Long before BioWare introduced us to Commander Shepard, it was already dealing in sprawling sci-fi RPG spaces with Star Wars: Knights of the Old Republic. PC players tended to get all the good Star Wars games, and here was one that felt like the Star Wars game. However, the game also made its way to Microsoft’s hulking new Xbox console, and quietly, it has historically been as crucial to the platform as Halo, mainly because it laid the groundwork for BioWare’s very own sci-fi RPG universe, which became a definitive part of Xbox history.
Having impressively handled Star Wars, BioWare went all Star Trek for Mass Effect (with a bit of the Battlestar Galactica reboot in there for good measure). Set in a future where interstellar travel is now possible thanks to mass transit devices called Mass Relays. The history behind this tech is rumored to be built on the work of an extinct alien race known as the Protheans. So now we have a conglomerated body of governments controlling law and order across the galaxy. This is the Citadel Council, and humans help run it alongside asari, salarians, turians, and more. Races working together for galactic peace means there’s going to be those outside of it, and while some are indifferent or apprehensive about the Citadel Council, others are more hostile, like the Borg-inspired AI race known as geth.
Players are given the role of Commander Shepard, the first human member of Spectre (Special Tactics and Reconnaissance, not Blofeld’s motley crew of villainy), a spacefaring agency with broad authority from the Citadel Council. Players can choose between a male and female version of Shepard (with voicework from Mark Meer and Jennifer Hale respectively) and tailor them to their visual whims.
Mass Effect blends the narrative-led experience from JRPG’s with a blockbuster Western sheen. Shepard is already a swaggering hero by the time we meet them, but they still go on the hero’s journey. They learn of a greater, overarching threat whilst dealing with relatively smaller ones, and they pick up a motley crew of memorable characters along the way.
Rather than pack a sweeping epic into one story, BioWare decided early on that this would be a trilogy, where Shepard’s journey across the stars would inevitably lead to a battle against the Reapers, an ancient race of synthetic-organic starships thought to arrive every 50,000 years to wipe out all organic populations.

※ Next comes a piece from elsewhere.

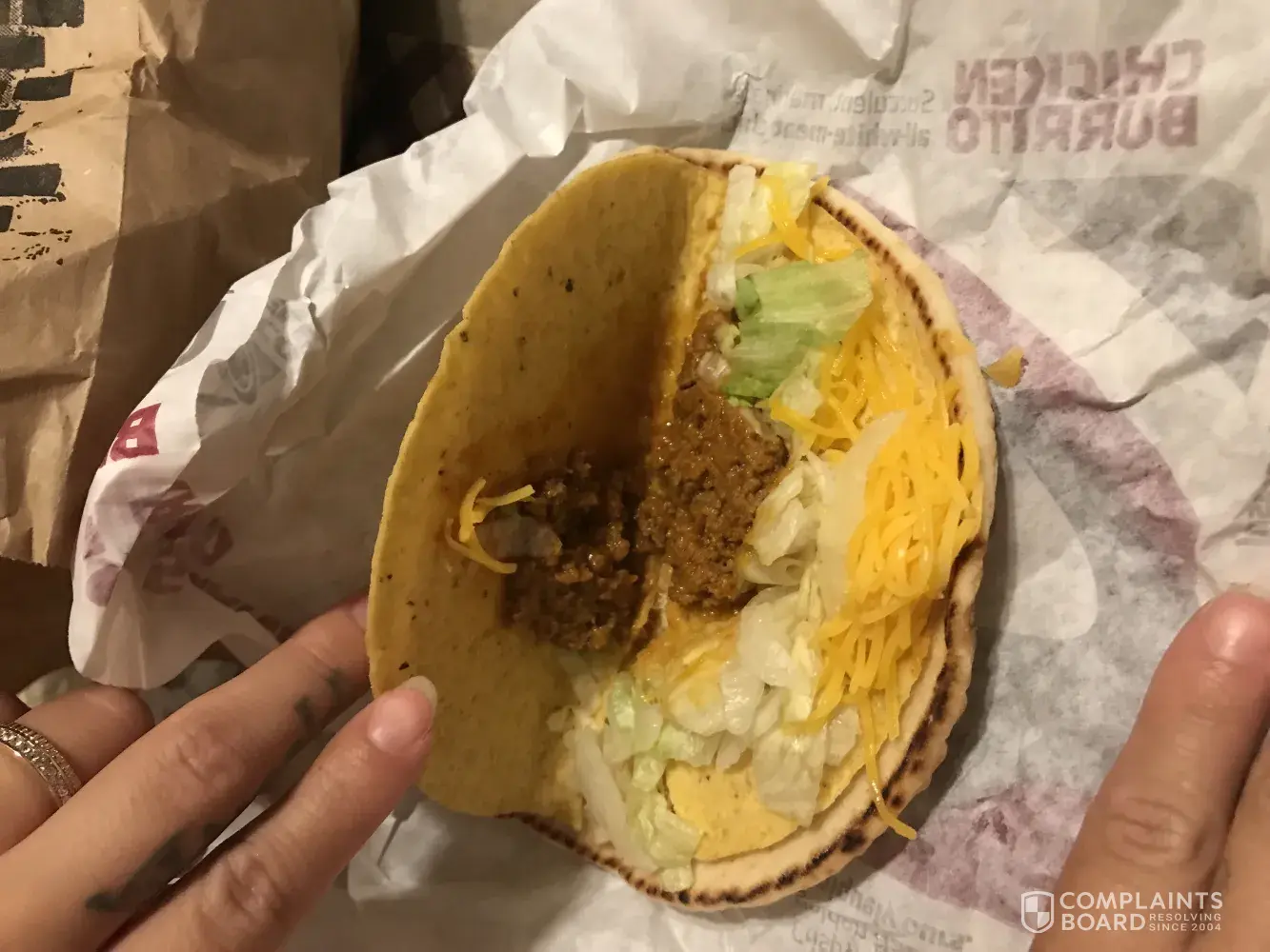 When we got home, the tacos were not crunchy they were soft and sticking to the paper. When we called them they did nothing for us. The Tacos they were cold when we got them out of the box, the service was rude when we called them to tell them that they were soft and not crunchy.

In true RPG fashion, Shepard kind of stumbles into that wider plot after they have a vision depicting a terrible war and mass death. But their catalytic drive in Mass Effect is the treason of another Spectre member, and trying to convince the Citadel Council of this. BioWare expertly weaves the smaller objective of the present with the ominous incoming one, all while giving us almost episodic tales of other characters and giving players enough of that to make critical choices impactful.
Mass Effect of Choice
The impact of choice is a common problem in gaming, especially in the RPG genre. It was perhaps a little challenging to see how impactful Shepard’s decisions in Mass Effect would be by the end, six years later, but BioWare offered just enough weighty short-term outcomes to at least set out its stall for the trilogy. Playing Mass Effect in 2007, you’d probably have little idea how your decision to save one character over another could change your experience in Mass Effect 2 and 3. The morality and choice of Mass Effect was less subtle than the kind of thing you’d find in the CRPG space, but that’s also what opened it up to a whole generation of players who had grown up with the Eastern approach to RPGs, but not so much of the depth from European and US RPGs of the 80s and 90s.
That Star Trek comparison is especially apt due to the aforementioned episodic flavor Mass Effect has. The lulls, if you will, largely come during Shepard’s time aboard the Citadel starship known as the Normandy. There, they can discuss recent events and general life stuff with the growing crew. But when we depart, it’s onto a new nugget of plot information, the introduction of another character, and undoubtedly some kind of confrontation.
Mass Effect is BioWare showcasing what it has learned from past experiences and effectively catering to the desires of its console-centric audience. Today, it’s almost an endearing prototype when compared to its sequels, but that raw and ready nature is what made it fresh and compelling to Xbox 360 owners nearly 20 years ago.
Is it almost a victim of its success? What has happened to BioWare in the years after Mass Effect 2 has mainly been down to an owner seemingly missing the point of why Mass Effect and Dragon Age (BioWare’s other stalwart RPG born from this era) were connecting with players and like many publishers, trying to crowbar in things that just dodn’t gel with what BioWare or its games are. BioWare became a cash cow with exaggerated expectations placed upon it. While that should be a compliment due to the impact of Mass Effect on not only the RPG space but also video games in general, it’s a frustrating lament as the developers appear to draw closer to their own Reapers.